*TO DO:*
Omitting every picture, copy the lines from the one that contains "但,如果你在仙台利用goog" through the last line of the records below, exactly and with nothing added.

*Items from a data source:*
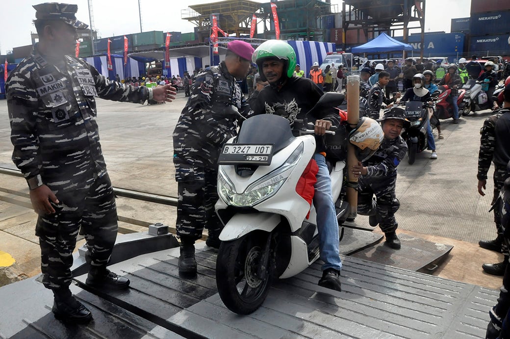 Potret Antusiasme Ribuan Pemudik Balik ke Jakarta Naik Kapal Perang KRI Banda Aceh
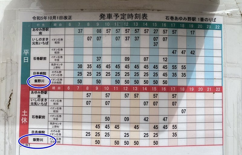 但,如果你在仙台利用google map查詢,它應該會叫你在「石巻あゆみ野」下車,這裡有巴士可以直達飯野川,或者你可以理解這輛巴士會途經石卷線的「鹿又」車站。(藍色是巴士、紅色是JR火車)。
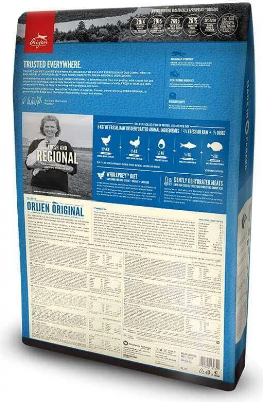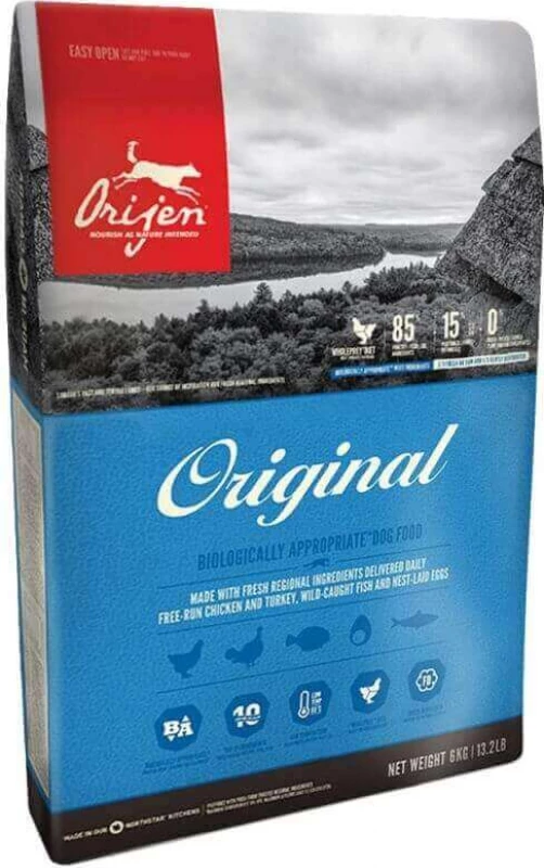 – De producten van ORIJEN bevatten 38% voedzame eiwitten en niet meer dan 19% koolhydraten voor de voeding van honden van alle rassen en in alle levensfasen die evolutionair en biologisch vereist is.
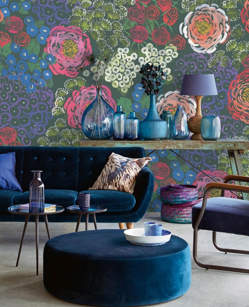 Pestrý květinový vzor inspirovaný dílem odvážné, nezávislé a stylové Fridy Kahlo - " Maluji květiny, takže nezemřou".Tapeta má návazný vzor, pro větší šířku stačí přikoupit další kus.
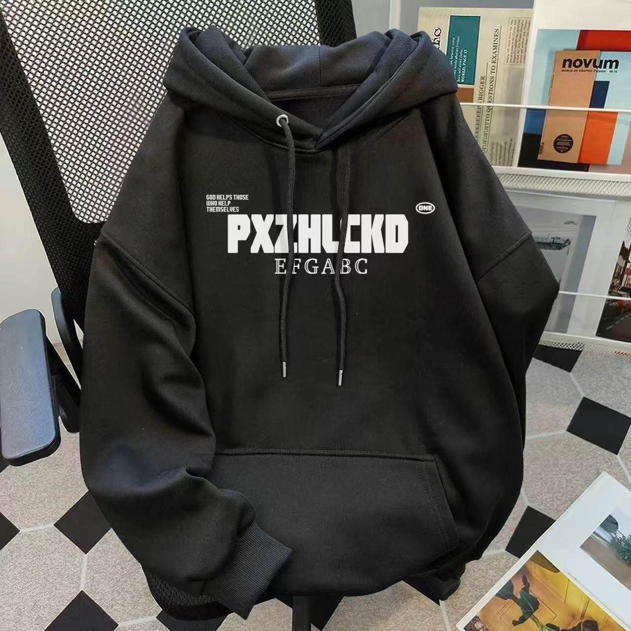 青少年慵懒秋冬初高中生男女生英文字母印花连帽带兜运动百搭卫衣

*WRITTEN ANSWER:*
 但,如果你在仙台利用google map查詢,它應該會叫你在「石巻あゆみ野」下車,這裡有巴士可以直達飯野川,或者你可以理解這輛巴士會途經石卷線的「鹿又」車站。(藍色是巴士、紅色是JR火車)。
 – De producten van ORIJEN bevatten 38% voedzame eiwitten en niet meer dan 19% koolhydraten voor de voeding van honden van alle rassen en in alle levensfasen die evolutionair en biologisch vereist is.
 Pestrý květinový vzor inspirovaný dílem odvážné, nezávislé a stylové Fridy Kahlo - " Maluji květiny, takže nezemřou".Tapeta má návazný vzor, pro větší šířku stačí přikoupit další kus.
 青少年慵懒秋冬初高中生男女生英文字母印花连帽带兜运动百搭卫衣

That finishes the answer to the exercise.